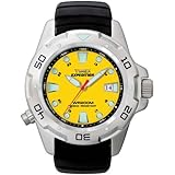 This Timex is a great watch. It keeps good time, looks sharp, and generally feels tough. The band is solid and comfortable, and seems almost fused to the watch. Although I have a smallish wrist, the size does not feel out of scale. It has a large easy to read dial, the Indiglo feature, luminescent hands, and a date window. I get compliments from nearly everyone who sees it; the yellow really stands out. While I might have preferred darker hands to contrast the yellow dial, seeing the time clearly has never been an issue at all. This is a quality watch at a great price, and I can recommend it to any man looking for something special to wear on his wrist. And I would be remiss if I didn't say that this watch would make a great gift. I like what it says about Timex, and I like what it says about me.
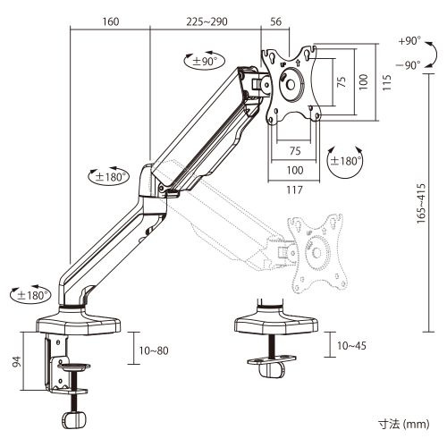 可動範囲:垂直+90°/-90°、水平+90°/-90°、回転+180°/-180°
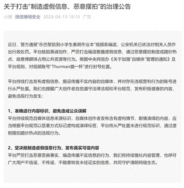 近日,警方通报“在巴黎拾到小学生秦朗作业本”视频系编造,公安机关已依法对相关人员作出行政处罚。平台鼓励真诚创作,严厉打击编造散播虚假信息、通过恶意摆拍制造或蹭炒热点、故意博眼球占用公共资源等行为。
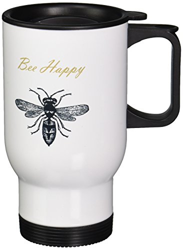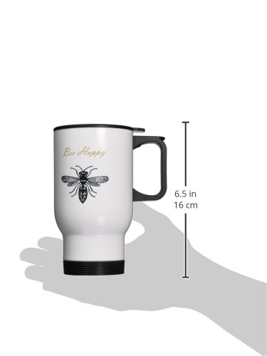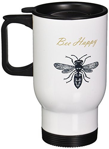 3dRose tm_164562_1 Bee Happy Inspirational Chic Art Stainless Steel Travel Mug, 14-Ounce
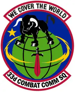 The 33d Combat Communications Squadron (33 CCS) was a United States Air Force combat communications squadron, located at Tinker AFB. They deployed quality communications-computer systems and air traffic services for military operations and emergency missions under hostile and base conditions anytime, anywhere. The 33d CCS was inactivated as part of the overall inactivation of the 3 CCG (Combat Communications Group) in May 2012. In January 2013 the 33d was unofficially merged with the 31st CCS as part of the inactivation proceedings. The unit is expecting to be completely inactivated no later than October 2013.[1][2][3][4]
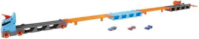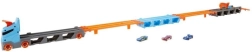 Poczuj emocje szybkiego wyścigu! Dzięki dźwigni na końcu toru pierwsze auto może ukończyć wyścig, podczas gdy drugie się zatrzyma. Wyścigowy transporter można połączyć z innymi zestawami do zabawy Hot Wheels City (sprzedawane oddzielnie), co pozwala stworzyć własną trasę wyścigową.
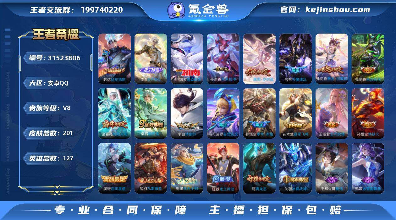CHC10956,/1星元/钱包未注销,安卓Q-V8-最强王者段位-127英雄-201皮肤-1典藏皮肤-1无双-1珍品传说-13传说-49史诗 【英雄全皮】:影全皮 【荣耀典藏】:韩信弑枪猎影 【无双皮肤】:李白碎月剑心 【珍品传说】:马可波罗怪盗基德 【传说皮肤】:虞姬愿照岁时盈,桑启鸣野蒿,孙尚香乘龙问璇玑,马可波罗妄想实况,李白诗剑行,王昭君乞巧织情,诸葛亮时雨天司,虞姬启明星使,孙悟空零号赤焰,花木兰冠军飞将,孙尚香末日机甲,孙悟空地狱火,吕布天魔缭乱 【限定皮肤】:白起狰,姜子牙天穹之誓,李白谪仙醉月,狄仁杰阴阳师,虞姬凯尔特女王,赵云皇家上将,嬴政优雅恋人,孙膑妖精王,扁鹊炼金王,芈月重明,吕布天魔缭乱,夏侯惇朔风刀,曹操烛龙,典韦穷奇,马可波罗逐梦之星,马可波罗妄想实况,狄仁杰魔术师,狄仁杰万华元夜,项羽海滩派对,项羽霸王别姬,老夫子醍醐杖,关羽冰锋战神,程咬金演武夺筹,韩信逐梦之影,孙悟空零号赤焰,牛魔御旌,虞姬启明星使,雅典娜黎明之约,蔡文姬繁星吟游,太乙真人饕餮,鬼谷子原初探秘者,诸葛亮时雨天司,铠青龙志,百里玄策原初追逐者,弈星混沌棋,明世隐疑决卦,裴擒虎李小龙,狂铁御狮,米莱狄御霄,云中君纤云弄巧,盾山御銮,上官婉儿梁祝,鲁班大师探海日志,张良古海寻踪,鬼谷子天穹祈灯,李白碎月剑心,孙尚香乘龙问璇玑,沈梦溪龙舞盛年,刘邦剑破天穹,周瑜熔金海岸 【年限皮肤】:铠青龙志,诸葛亮时雨天司,孙尚香乘龙问璇玑,虞姬愿照岁时盈 【赛季限定】:孙膑妖精王,扁鹊炼金王,虞姬凯尔特女王,白起狰,太乙真人饕餮,曹操烛龙,芈月重明,典韦穷奇,狂铁御狮,米莱狄御霄,牛魔御旌,盾山御銮,夏侯惇朔风刀,弈星混沌棋,明世隐疑决卦,老夫子醍醐杖,鬼谷子原初探秘者,狄仁杰万华元夜,程咬金演武夺筹,鲁班大师探海日志,张良古海寻踪,...
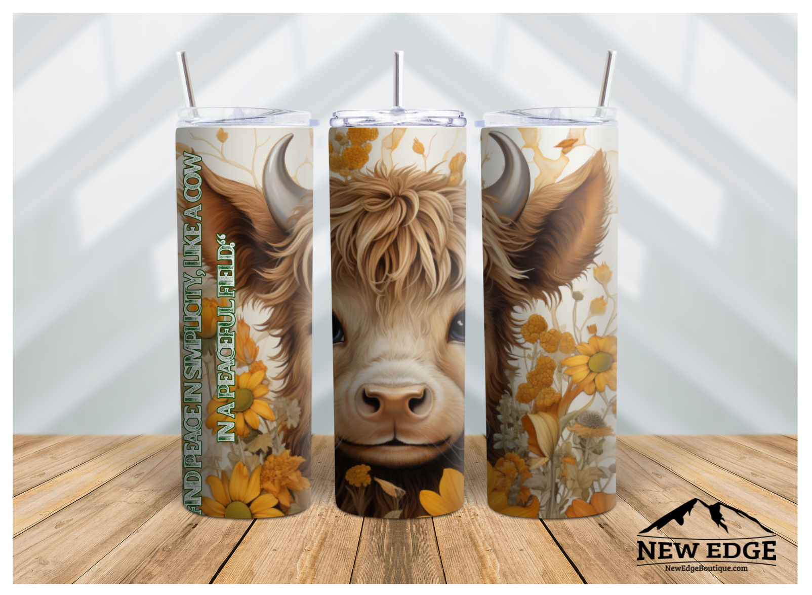 Introducing the FROM NEW EDGE 20 oz Domestic Animal Skinny Tumbler, a unique and empowering addition to your daily routine. With the inspirational slogan, "Embrace calmness and resilience, like a steady cow," this tumbler embodies the enduring strength and unwavering tranquility of one of nature's most steadfast creatures.

> DIRECTIONS
Pictures excluded, transcribe the listing above exactly from the line with "可動範囲:垂直+90°/-9" through the line with "Poczuj emocje szybkiego", and no further.

> WRITTEN ANSWER
 可動範囲:垂直+90°/-90°、水平+90°/-90°、回転+180°/-180°
 近日,警方通报“在巴黎拾到小学生秦朗作业本”视频系编造,公安机关已依法对相关人员作出行政处罚。平台鼓励真诚创作,严厉打击编造散播虚假信息、通过恶意摆拍制造或蹭炒热点、故意博眼球占用公共资源等行为。
 3dRose tm_164562_1 Bee Happy Inspirational Chic Art Stainless Steel Travel Mug, 14-Ounce
 The 33d Combat Communications Squadron (33 CCS) was a United States Air Force combat communications squadron, located at Tinker AFB. They deployed quality communications-computer systems and air traffic services for military operations and emergency missions under hostile and base conditions anytime, anywhere. The 33d CCS was inactivated as part of the overall inactivation of the 3 CCG (Combat Communications Group) in May 2012. In January 2013 the 33d was unofficially merged with the 31st CCS as part of the inactivation proceedings. The unit is expecting to be completely inactivated no later than October 2013.[1][2][3][4]
 Poczuj emocje szybkiego wyścigu! Dzięki dźwigni na końcu toru pierwsze auto może ukończyć wyścig, podczas gdy drugie się zatrzyma. Wyścigowy transporter można połączyć z innymi zestawami do zabawy Hot Wheels City (sprzedawane oddzielnie), co pozwala stworzyć własną trasę wyścigową.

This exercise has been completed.